Der Weg war lang und steinig. Auf der Strecke blieben dabei etliche Nachbarn, die die Mieterhöhungen nicht bezahlen konnten, ausgezogen sind oder per Zwangsräumung aus ihren Wohnungen geworfen wurden. Andere wurden von Käufern über Abfindungen aus den Wohnungen gedrängt, denn Encasa Cibeles hatte zwischenzeitlich mit dem Verkauf der Wohnungen begonnen. Der Mieteraktivist José Castro schätzt, dass dadurch etwa ein Drittel der betroffenen Familien aus ihren Sozialwohnungen vertrieben wurden.

Bouikou ließ sich aber nicht unterkriegen, er zahlte die Mieterhöhungen nicht, trotzte Räumungsandrohungen und ging juristisch vor. Im November 2017, so erklärt sein Anwalt im Interview, fiel am Obersten Gerichtshof nach vier Jahren die erste wichtige Entscheidung für den Bauarbeiter. Der Gerichtshof erkannte sein Recht an, den Verkauf anfechten zu können. Das hatten ihm untergeordnete Instanzen zuvor abgesprochen.

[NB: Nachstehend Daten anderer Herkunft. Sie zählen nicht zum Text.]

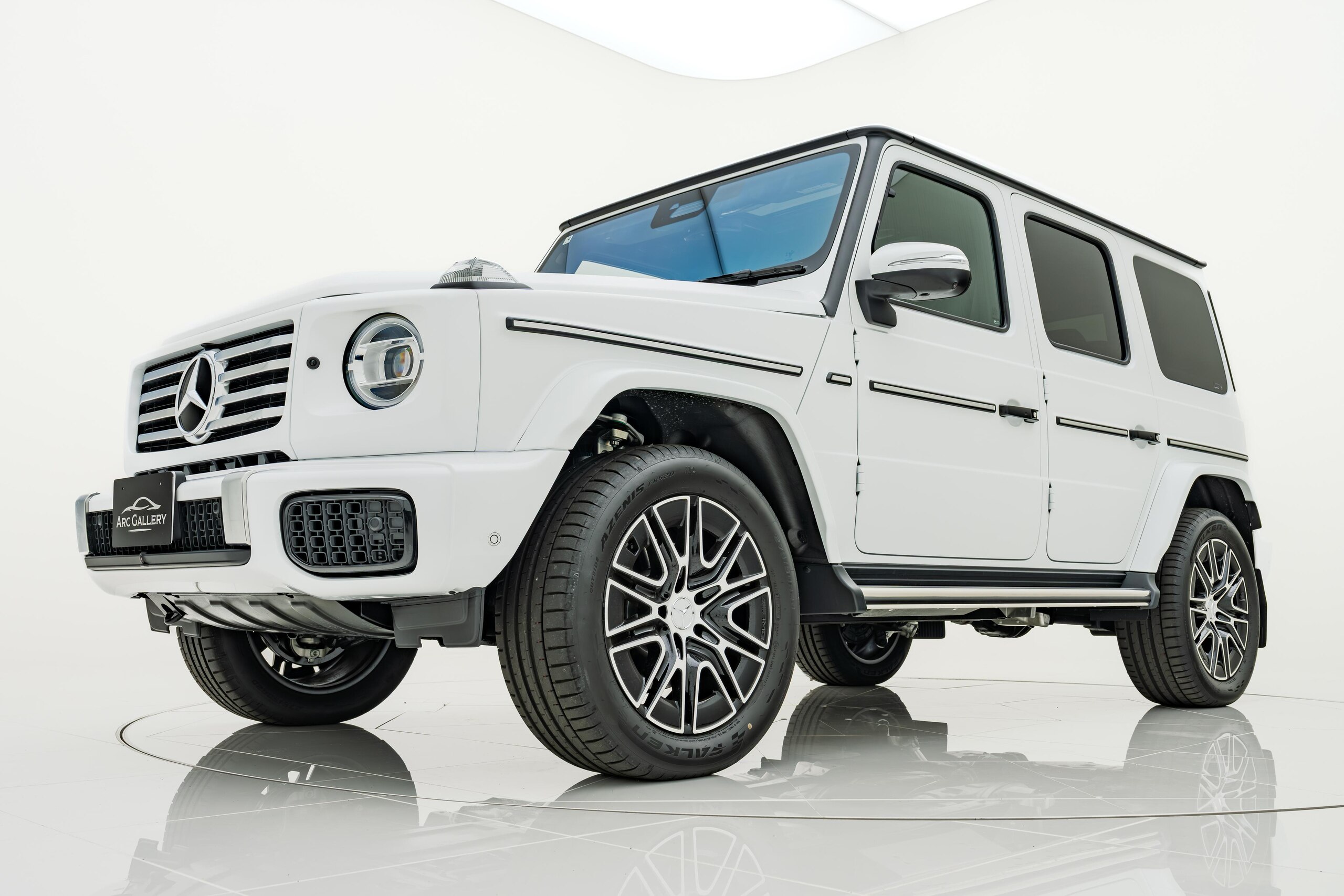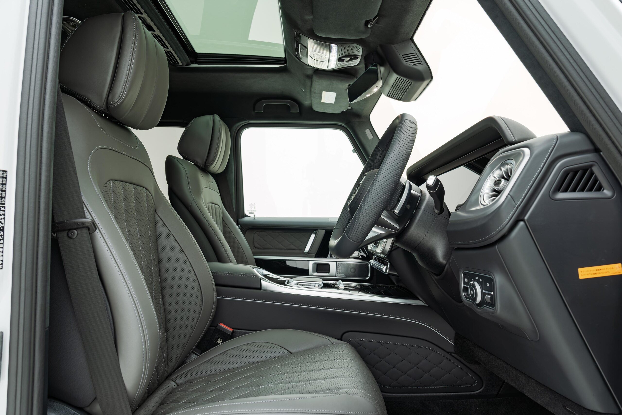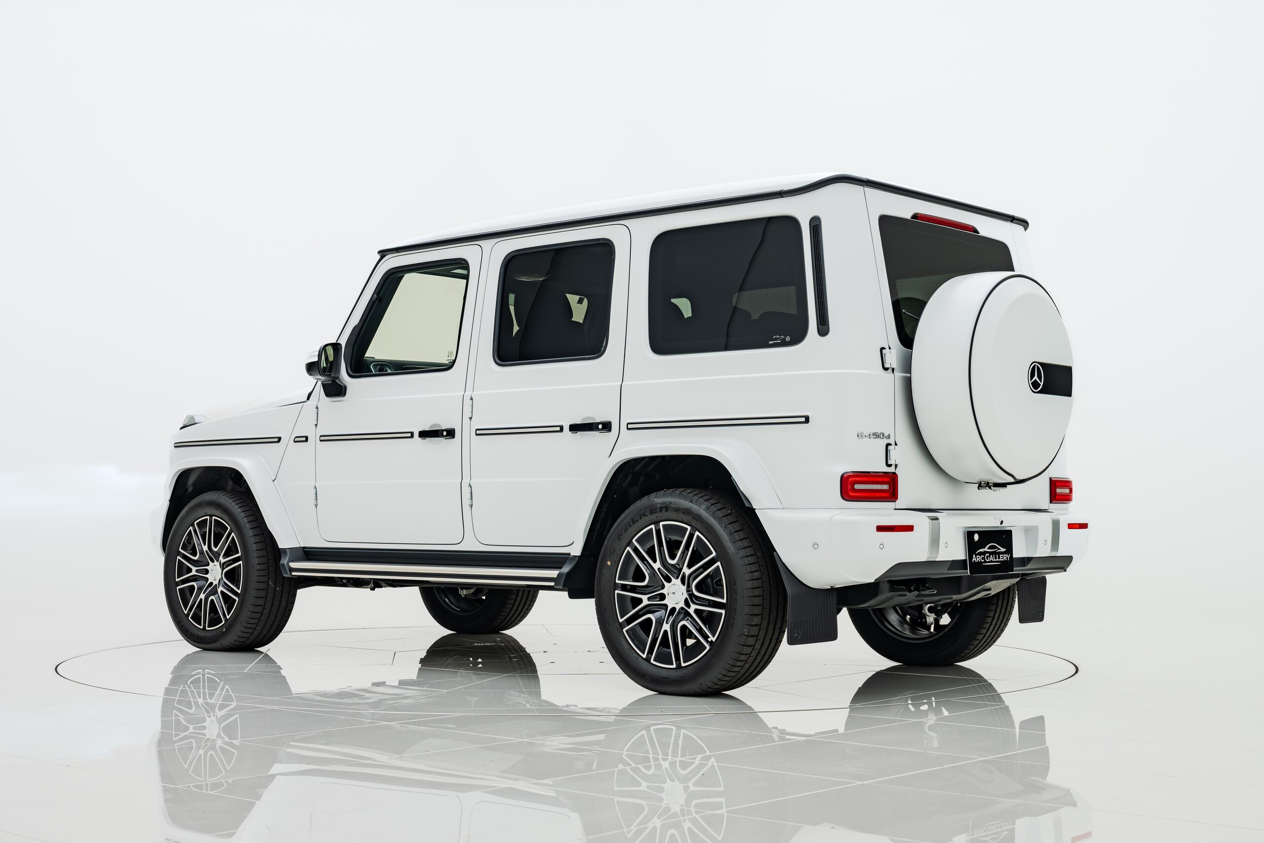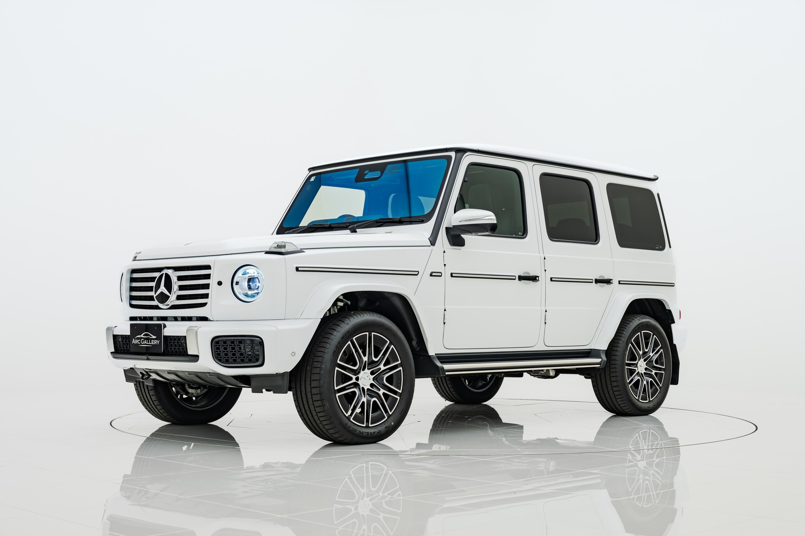 艶消しマットフィルム施工 マヌファクトゥーアプログラムプラス チタニウムグレーナッパレザーシート ボディ同色スペアタイヤリング ロゴパッケージ ブラックピアノラッカーウッド AMGフロアマットプレミアム オパリスホワイト(マットフィルム施工)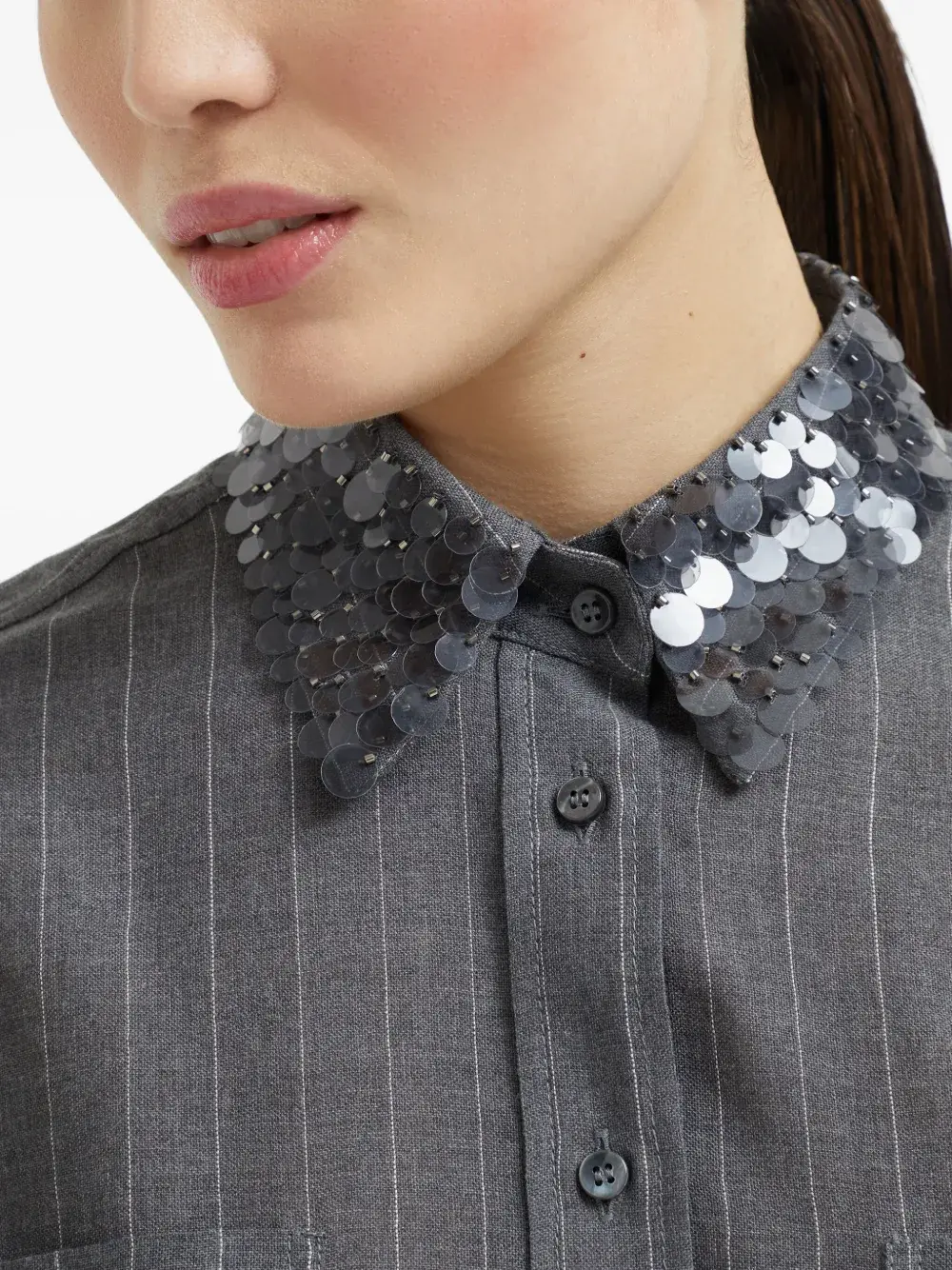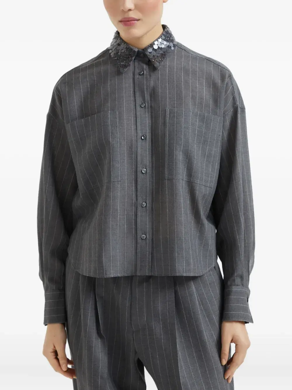 Рубашка в полоску Brunello Cucinelli, серый 244 435₽

Seither hat sich das Blatt zunächst für Bouikou und schließlich für alle Betroffenen immer deutlicher gewendet. Im Jahr darauf annullierte der Oberste Gerichtshof auch die Mieterhöhung und urteilte, dass die Wohnung des Bauarbeiters weiter der Madrider Regionalregierung gehört. Stellvertretend für alle Mieter kämpfte das Gespann weiter. Es erreichte schließlich im Frühjahr, dass der Gerichtshof die Entscheidung allgemeinverbindlich erklärte, womit sich seither wieder alle Wohnungen in der öffentlichen Hand befinden.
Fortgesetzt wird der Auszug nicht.